The obligation to make an admission of cessation of payments leading to bankruptcy, as well as the forced execution of eviction orders ordered for residential and commercial leases, have been suspended.

Facilitating bank loans

In order to help companies that urgently require additional loans, the government has a budget of €2.5 billion that will be used to provide 6-year state guarantees for new bank loans taken by SMEs as well as large enterprises. The stability programme includes additional mechanisms facilitating and guaranteeing bank loans contracted by SMEs.

State-owned bank SNCI offers “special anti-crisis funding” in terms of indirect loans for small and large businesses of amounts ranging from €12,500 to €16 million to cover expenses such as rent and salaries. SNCI also suspends principal repayment on 31 March and 30 June maturities for direct and indirect loans.

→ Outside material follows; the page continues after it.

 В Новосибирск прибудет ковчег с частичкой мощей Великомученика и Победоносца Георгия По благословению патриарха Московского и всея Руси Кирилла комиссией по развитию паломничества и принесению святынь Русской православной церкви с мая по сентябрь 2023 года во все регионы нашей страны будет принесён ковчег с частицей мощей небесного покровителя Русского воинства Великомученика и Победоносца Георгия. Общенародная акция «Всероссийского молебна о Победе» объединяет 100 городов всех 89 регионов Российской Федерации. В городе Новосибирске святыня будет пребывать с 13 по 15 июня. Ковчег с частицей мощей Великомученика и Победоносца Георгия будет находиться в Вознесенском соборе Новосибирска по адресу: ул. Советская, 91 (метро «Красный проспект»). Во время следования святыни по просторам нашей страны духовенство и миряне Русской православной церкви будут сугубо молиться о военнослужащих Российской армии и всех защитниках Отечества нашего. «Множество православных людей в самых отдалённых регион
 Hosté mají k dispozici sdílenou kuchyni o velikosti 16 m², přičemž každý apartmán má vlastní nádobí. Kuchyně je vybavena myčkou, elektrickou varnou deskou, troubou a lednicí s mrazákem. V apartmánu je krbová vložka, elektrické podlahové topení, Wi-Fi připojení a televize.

On top of these public schemes, six banks – BCEE, BGL BNP Paribas, BIL, Raiffeisen, Banque de Luxembourg and ING – offers small companies and self-employed professionals a moratorium on the repayment of existing loans to alleviate cash flow difficulties.

The top priority

Prime Minister Bettel presented these measures as “useful, justified and appropriate” to take the national economy through the current crisis and help relaunch it again. However, he was clear about what is most important for the government: “The absolute priority is people’s health”.